= Michelangelo La Neve =

Italian comics writer and screenwriter (1959–2022)

Michelangelo La Neve (14 March 1959 – 18 January 2022) was an Italian comics writer and screenwriter.

==Life and career==
Born in Tarsia, in the province of Cosenza, La Neve grew up in Varese, and after graduating from high school he moved to Rome. He made his professional debut in the early 1990s writing comics stories mainly of horror genre for magazines such as Zio Tibia, Splatter, Blue and Mostri.

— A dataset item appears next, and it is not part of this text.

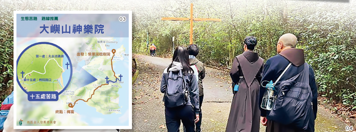 教区全人发展委员会(全委)去年邀请了夏志诚辅理主教重写《生态苦路》,在默想部分加入生态环保的角度。该会最近向教友推荐西贡盐田梓及大屿山神乐院两条山径苦路路线,执行秘书罗佩珊表示,藉此邀请教友走到大自然,一边默想基督受难、死而复活带给人类的救恩,一边欣赏天主创造的海洋、山景,感受受造物之美和天地人的连结,从而反思在生活中对生态的破坏,与大自然修和。

After writing the miniseries ESP for the magazine Intrepido, between 1992 and 2006 he collaborated with Sergio Bonelli Editore, as a writer for the comic book series Dylan Dog and Martin Mystère.

In later years he focused his activity on graphic novels (notably Day of the Magicians, illustrated by Marco Nizzoli), and started collaborating as a screenwriter with Manetti Bros. for the TV-series L'ispettore Coliandro and Inspector Rex and for the films Song'e Napule, Love and Bullets and Diabolik.

La Neve was married to Mariella Pazienza, the sister of comic artist Andrea Pazienza. He died after a long illness in Rome on 18 January 2022, at the age of 62. His son Lorenzo is also a comics writer.